::: EXERCISE DATA

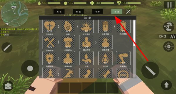 2、打開技能界面,對(duì)技能進(jìn)行升級(jí),升級(jí)后的技能能增強(qiáng)角色在生存、戰(zhàn)斗等方面的能力。
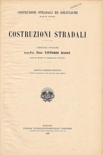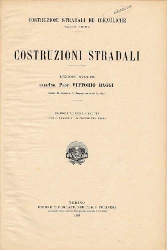 in 4°, pp. 607, leg. coeva m/tela nera con tit. oro al ds., tagli spruzz. Collana: Costruzioni stradali ed idrauliche. Ottime lezioni svolte al R. Politecnico di Torino, con centinaia di disegni, schemi e tabelle n.t. e 45 tavv. ripiegate f.t. di cui 3 a colori. In ottimo stato. 043/23
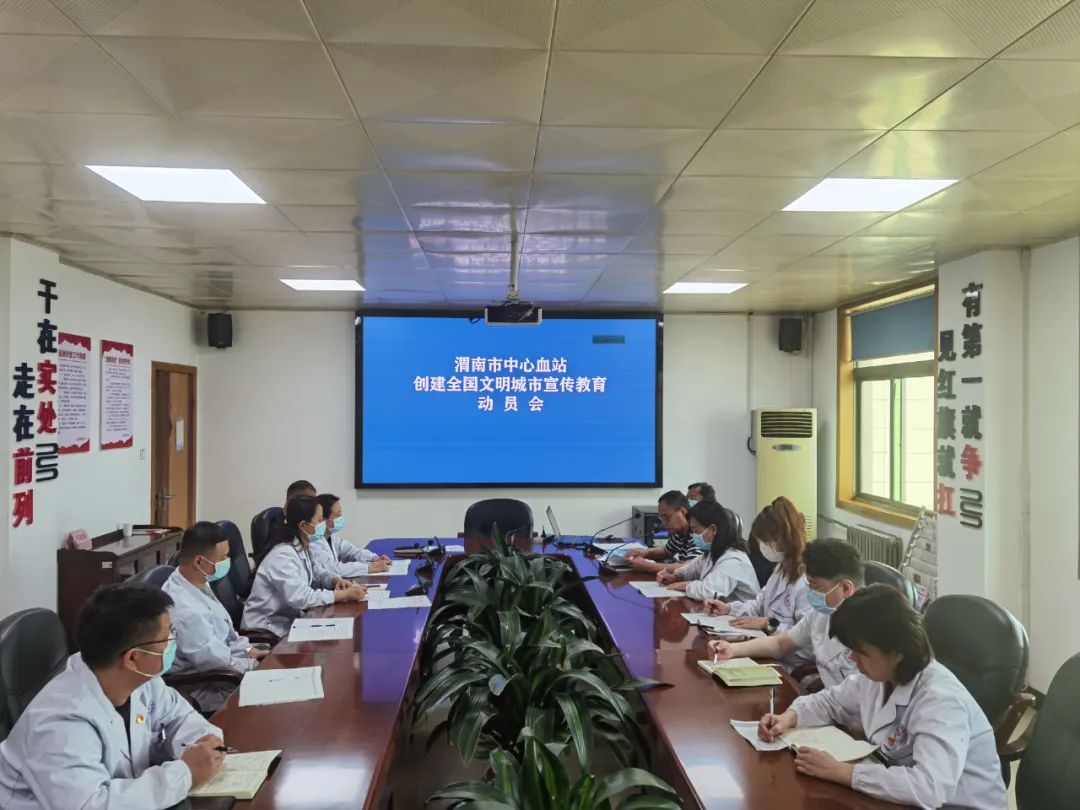 4月11日上午,渭南市中心血站召开了创建全国文明城市宣传教育动员会,安排部署血站创建宣传教育活动,以实际行动助力全市创建工作。会议由副站长吴剑主持,领导班子及各科室负责人参加了会议。
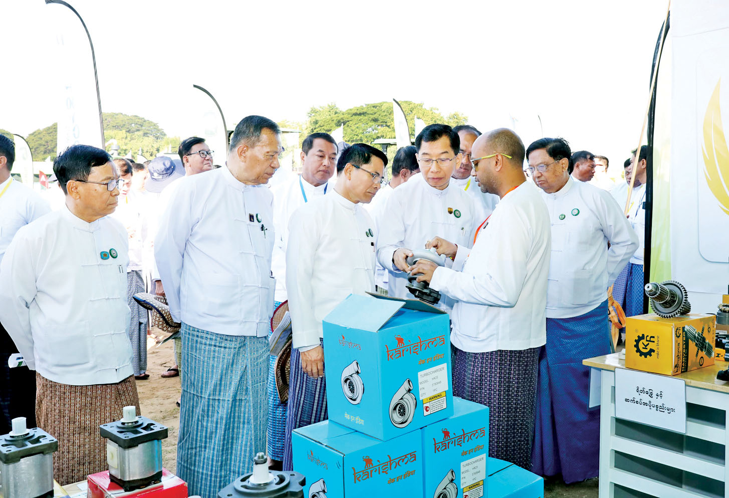 ဦးစွာ စိုက်ပျိုးရေး၊ မွေးမြူရေးနှင့်ဆည်မြောင်းဝန်ကြီးဌာန ပြည်ထောင်စုဝန်ကြီး ဦးမင်းနောင်၊ စက်မှုလယ်ယာဦးစီးဌာန ညွှန်ကြားရေးမှူးချုပ် ဦးကျော်ထွန်းအေးနှင့် မြန်မာနိုင်ငံ လယ်ယာသုံးစက်ကိရိယာလုပ်ငန်းရှင်များအသင်းဥက္ကဋ္ဌ ဦးနိုင်ဦးတို့က လယ်ယာသုံးစက်ကိရိယာ ပြပွဲကို ဖဲကြိုးဖြတ်ဖွင့်လှစ်ပေးကြသည်။
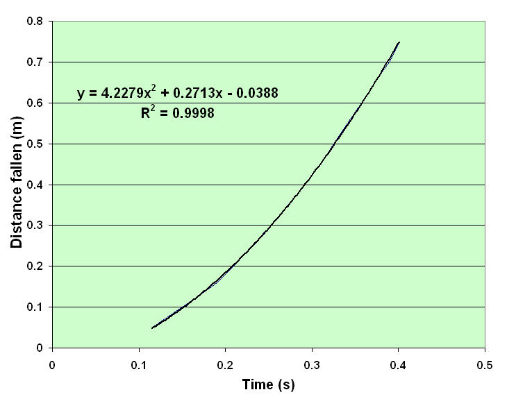 The magnet N_S poles give rise to positive and negative swings in the induced voltage and, from an EXCEL trace the times of the middle point can be determined. We know that these cossings will occur just when the magnet passes the coil so a time versus "fallen distance" of 0.05 m, 0.10 m, 0.15 m ....... can be plotted. From the laws of motion we have s = 0.5*g*t2 + u*t so the data can be fitted to a polynomial of second order.
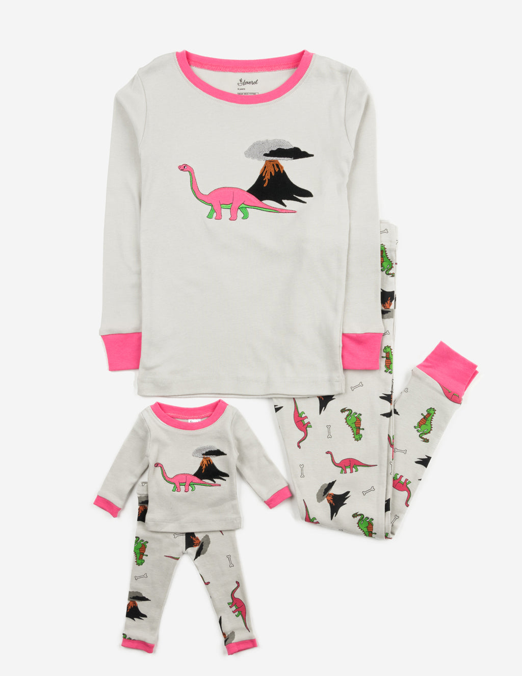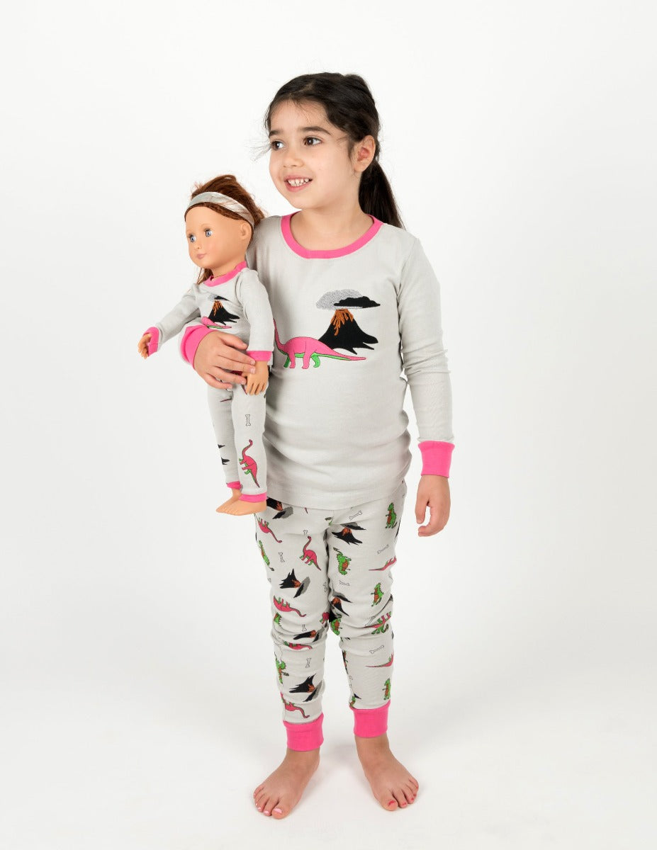 Let your little one stomp into bedtime in style with our Matching Girl & Doll Dinosaur Pajamas! Featuring adorable pink dinos on a soft grey background, this cozy set is perfect for dino lovers and their 18" doll companions.
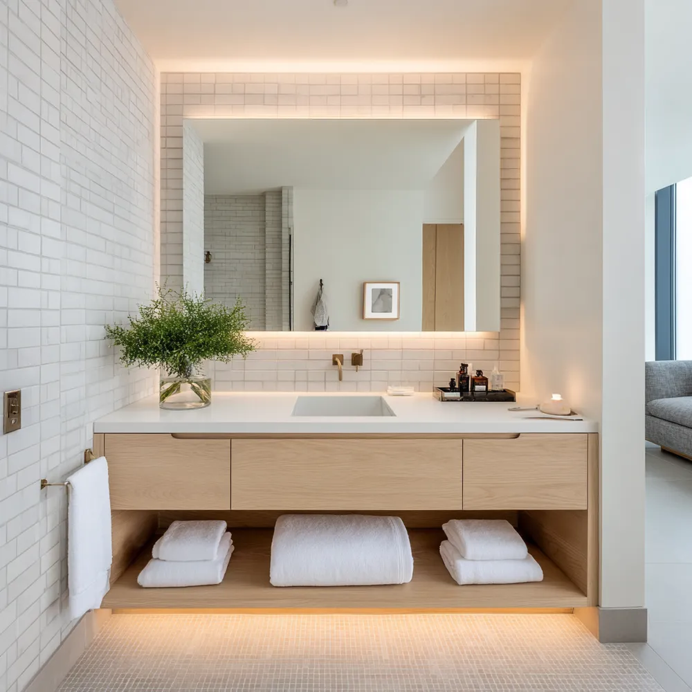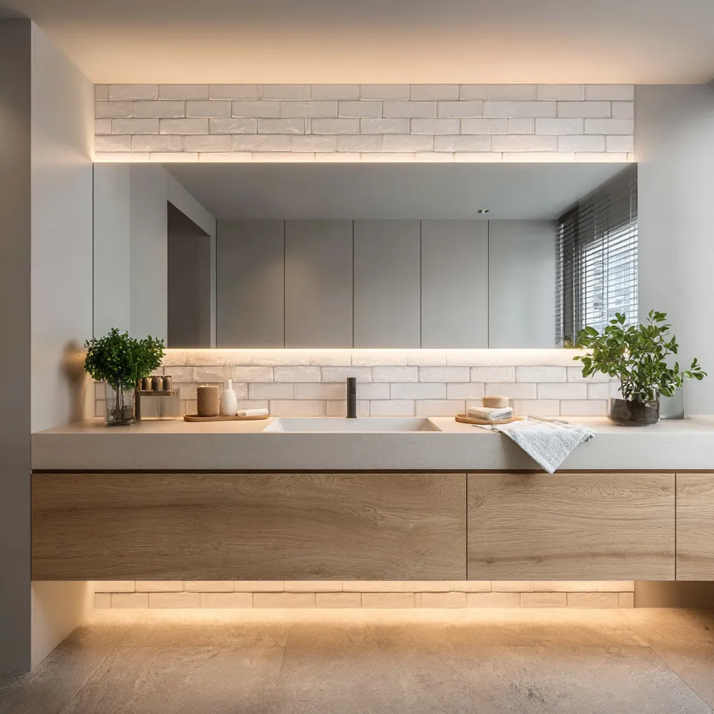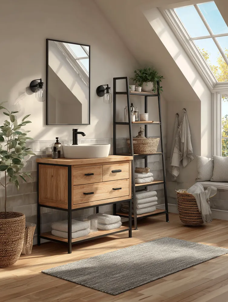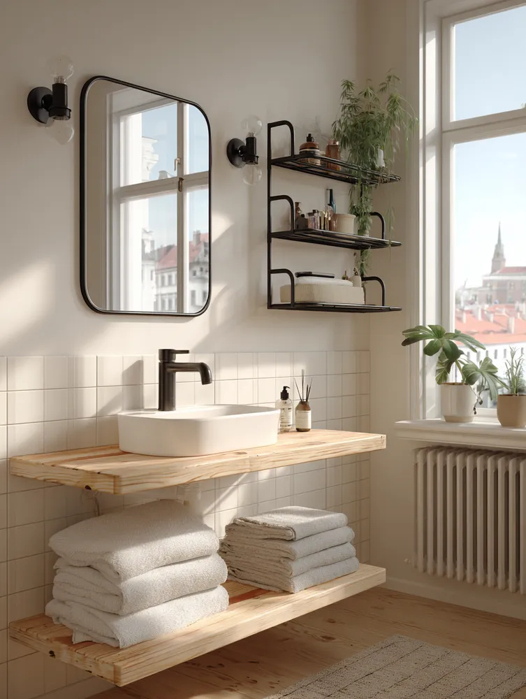 Who says bathrooms can't be serene and spa-like? 🌲 In Scandinavian design, we love bringing in natural materials for a calming, grounded feel. Light wood accents, like a teak vanity or wooden storage shelves, add instant warmth. Pairing this with natural stone or even concrete-look tiles creates a beautiful contrast. 💧 The key is to keep the palette muted and focus on the tactile qualities of these materials. It’s about creating a peaceful sanctuary. What natural materials do you love in your bathroom? #scandibathroom#naturalmaterials#woodandstone#bathroominspiration#spasanctuary#minimalistbathroom#interiordesignideas#materialmood#calmspaces#bathroomdecor
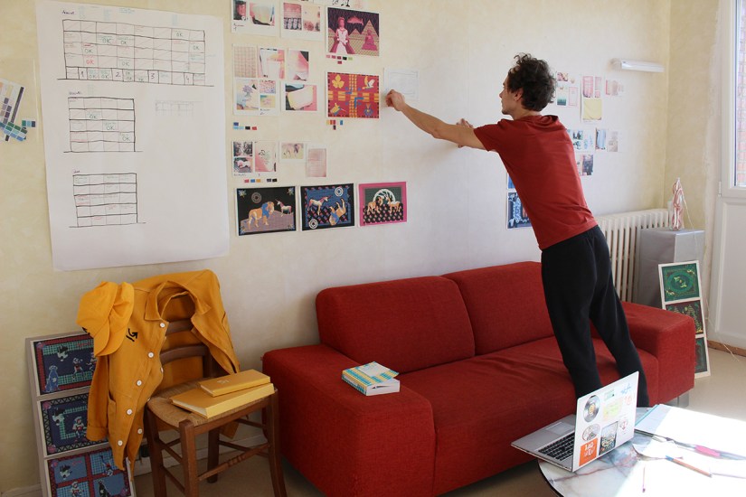 Production d’une série de 6 tapis en fibre polyamide torsadées, impression industrielle, 85 x 115 cm,

::::::

#### ASSIGNED TASK:
Within these entries, output exactly the lines starting at the one with "4月11日上午,渭南市中心血" and finishing at the one with "Let your little". Leave pictures out of the output.

#### WRITTEN RESPONSE:
 4月11日上午,渭南市中心血站召开了创建全国文明城市宣传教育动员会,安排部署血站创建宣传教育活动,以实际行动助力全市创建工作。会议由副站长吴剑主持,领导班子及各科室负责人参加了会议。
 ဦးစွာ စိုက်ပျိုးရေး၊ မွေးမြူရေးနှင့်ဆည်မြောင်းဝန်ကြီးဌာန ပြည်ထောင်စုဝန်ကြီး ဦးမင်းနောင်၊ စက်မှုလယ်ယာဦးစီးဌာန ညွှန်ကြားရေးမှူးချုပ် ဦးကျော်ထွန်းအေးနှင့် မြန်မာနိုင်ငံ လယ်ယာသုံးစက်ကိရိယာလုပ်ငန်းရှင်များအသင်းဥက္ကဋ္ဌ ဦးနိုင်ဦးတို့က လယ်ယာသုံးစက်ကိရိယာ ပြပွဲကို ဖဲကြိုးဖြတ်ဖွင့်လှစ်ပေးကြသည်။
 The magnet N_S poles give rise to positive and negative swings in the induced voltage and, from an EXCEL trace the times of the middle point can be determined. We know that these cossings will occur just when the magnet passes the coil so a time versus "fallen distance" of 0.05 m, 0.10 m, 0.15 m ....... can be plotted. From the laws of motion we have s = 0.5*g*t2 + u*t so the data can be fitted to a polynomial of second order.
 Let your little one stomp into bedtime in style with our Matching Girl & Doll Dinosaur Pajamas! Featuring adorable pink dinos on a soft grey background, this cozy set is perfect for dino lovers and their 18" doll companions.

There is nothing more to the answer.